[TASK INPUTS]

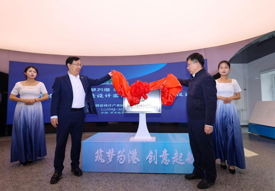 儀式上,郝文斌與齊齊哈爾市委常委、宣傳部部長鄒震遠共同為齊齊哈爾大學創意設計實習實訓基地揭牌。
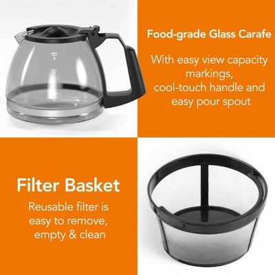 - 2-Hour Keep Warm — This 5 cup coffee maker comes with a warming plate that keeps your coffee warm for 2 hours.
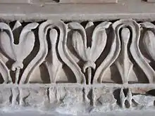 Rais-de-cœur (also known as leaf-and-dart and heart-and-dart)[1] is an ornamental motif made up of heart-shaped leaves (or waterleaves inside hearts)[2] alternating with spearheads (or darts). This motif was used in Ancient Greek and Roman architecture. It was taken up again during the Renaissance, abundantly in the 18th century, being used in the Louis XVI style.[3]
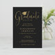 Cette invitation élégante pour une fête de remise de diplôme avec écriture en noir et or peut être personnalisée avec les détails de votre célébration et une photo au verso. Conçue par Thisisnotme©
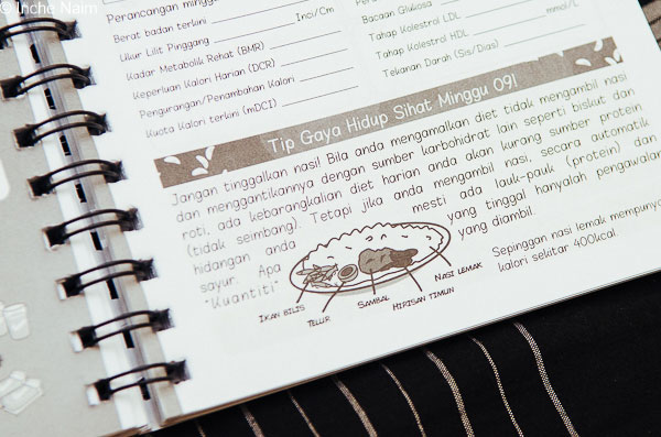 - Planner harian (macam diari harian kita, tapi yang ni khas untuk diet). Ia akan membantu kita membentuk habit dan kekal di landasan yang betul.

[/TASK INPUTS]

**BRIEF**
Only the lines from the start of the records to the one containing "Rais-de-cœur (also known" should be repeated, exactly and with both ends kept; drop any pictures.

**RESPONSE TO THIS EXERCISE**
 儀式上,郝文斌與齊齊哈爾市委常委、宣傳部部長鄒震遠共同為齊齊哈爾大學創意設計實習實訓基地揭牌。
 - 2-Hour Keep Warm — This 5 cup coffee maker comes with a warming plate that keeps your coffee warm for 2 hours.
 Rais-de-cœur (also known as leaf-and-dart and heart-and-dart)[1] is an ornamental motif made up of heart-shaped leaves (or waterleaves inside hearts)[2] alternating with spearheads (or darts). This motif was used in Ancient Greek and Roman architecture. It was taken up again during the Renaissance, abundantly in the 18th century, being used in the Louis XVI style.[3]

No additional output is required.